As he had been since taken into custody by Roids at the Iron Dust Saloon in Apia, Slanty remained silent. Roids didn’t really mind – he was used to being alone for long periods of time – but he couldn’t resist the opportunity to put in a dig.
“You sure been grumpy, Slanty. Hope you don’t hold my arrestin’ you against me.” Roids chuckled as he swung his gun belt around his waist. “But you swiped Miss Riggin’s Dexters, and she needs that beef for the winter, and the money they’ll bring next spring, when she sells ‘em to the miners.

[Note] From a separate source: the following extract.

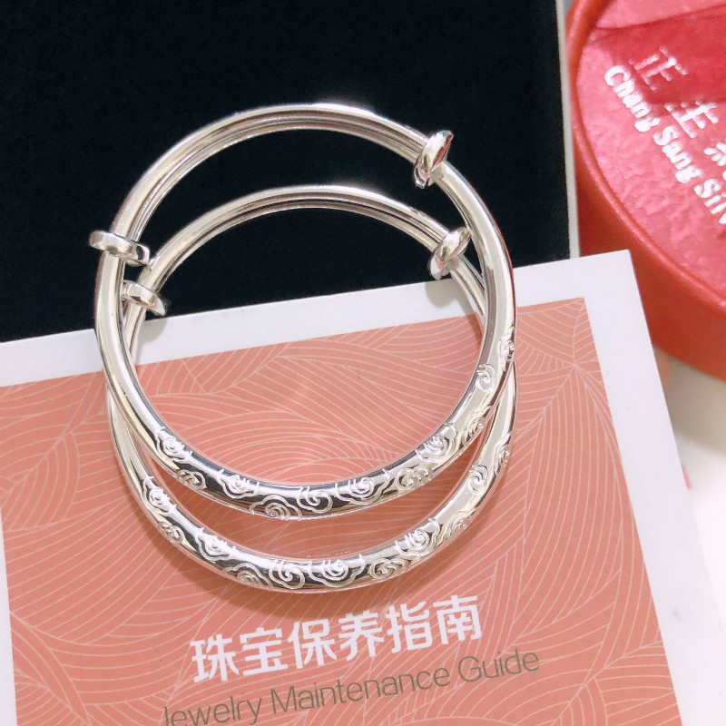 香港正生纯银男女宝宝实心推拉祥云手镯足银999儿童满月周岁生日

“Coulda been worse, though,” he added in a thoughtful tone as he dug through the bike bags for the morning’s meal. Since Slanty hadn’t asked for any food, Roids took out only enough for himself. “You coulda been stripped ‘n chased in Apia. Remember Earl Stackleroy? The folks over in Apia caught him with Lefty Sanchez’s wife and they stripped him naked as a gamma and chased him right out of town, dustin’ his heels with slugs. I heard he ran almost a half kilometer before he popped. I’m tellin’ you, Slanty, you did all right by me.”
Slanty didn’t take the encouragement well. He resolutely kept his back to Roids, ignoring him. Roids didn’t take it personally, though. He would have been a little stiff, too, had he a one centimeter hole between his eyes and a four centimeter hole out the back of his head.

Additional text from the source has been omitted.